SAIC is looking to hire a Medical Coder III to support our medical coding efforts at AFMOA in San Antonio, TX. The primary are to review clinical documentation and assign medical codes for inpatient facility and/or professional services; however, Medical Coder III personnel may be tasked to assign medical codes for facility and/or professional services for ambulatory surgery, observation, emergency department, or outpatient clinic services.
Knowledge and Skills:
Advanced knowledge of the International Classification of Diseases, Clinical Modification (ICD-CM), and Procedural Coding System (PCS); Healthcare Common Procedure Coding System (HCPCS); and Current Procedural Terminology (CPT).
Practical knowledge of reimbursement systems, including Prospective Payment System (PPS) and Diagnostic Related Groupings (DRGs); Ambulatory Payment Classifications (APCs); and Resource-Based Relative Value Scale (RBRVS).
Advanced knowledge and understanding of industry nomenclature; medical and procedural terminology; anatomy and physiology; pharmacology; and disease processes.
Advanced knowledge of medical specialties; medical diagnostic and therapeutic procedures; ancillary services (includes, but is not limited to, Laboratory, Occupational Therapy, Physical Therapy, and Radiology).
Thorough understanding of Government rules and regulations regarding medical coding, reimbursement guidelines, and healthcare fraud; commercial reimbursement guidelines and policies; coding audit principles and concepts, and potential areas of risk for fraud and abuse.
Practical knowledge of revenue cycle management, project management concepts, business analysis, training methods, clinical documentation improvement, and continuous process improvement processes.
Minimum of 5 years of medical coding and/or auditing experience in 2 or more medical, surgical and ancillary specialties within the past 10 years. Required experience must include Medical Severity - Diagnostic Related Group (MS-DRG) assignment.
Minimum of one (1) year of performance in the specialty is required to be qualifying. Multiple specialties encompass different medical specialties (i.e. Family Practice, Pediatrics, Gastroenterology, OB/GYN, etc.) that utilize ICD, E&M, CPT, and HCPCS codes. Ancillary specialties (PT/OT, Radiology, Lab, Nutrition, etc.) that usually do NOT use E&M codes do not count as qualifying experience. Additionally, coding, auditing and training exclusively for specialties such as home health, skilled nursing facilities, and rehabilitation care will not be considered as qualifying experience.

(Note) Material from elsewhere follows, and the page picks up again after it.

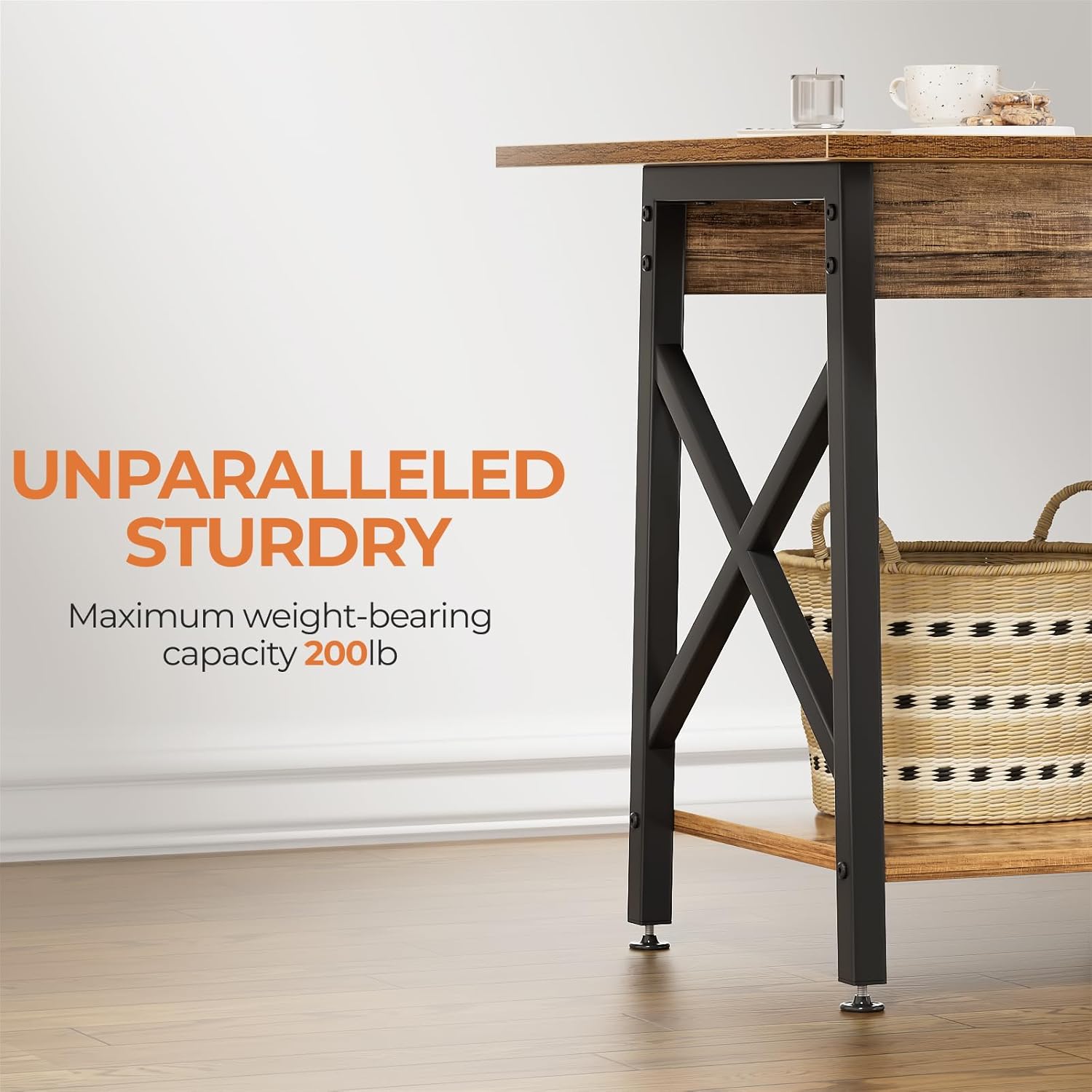 GreenForest End Table 24 inch for Living Room, Large Square Side Tables with X-Frame, Tall Industrial Bedside Nightstand with 2-Tier Storage, Rustic Walnut

Coding experience limited to making codes conform to specific payer requirements for the business office (insurance billing, accounts receivable) is not a qualifying factor
At least 30 semester hours’ university/college credit that includes relevant coursework such as anatomy/physiology, medical terminology, health information management, and/or pharmacology.
Successful completion of Academy of Professional Coders (AAPC) or American Health Information Management Association (AHIMA) coding exam preparation courses that include the above coursework & lead to successful course completion & coding certification may be accepted in lieu of university/college credit by the AFMS MCPO
Certification in good standing for each:
Professional Services Coding Certifications: Registered Health Information Technician (RHIT); Registered Health Information Administrator (RHIA); Certified Professional Medical Coding Auditor (CPMA); Certified Professional Coder (CPC); Certified Outpatient Coder (COC); or Certified Coding Specialist - Physician (CCS-P).
Continuing Education Requirements: Medical coders shall maintain the required continuing education hours in order to maintain current & proper national certification(s) requirements for this position at no expense to the Government
Institutional (Facility) Coding Certifications: Certified Inpatient Coder (CIC), Certified Coding Specialist (CCS). Other institutional coding certifications will be considered by the AFMS MCPO on a case-by-case basis.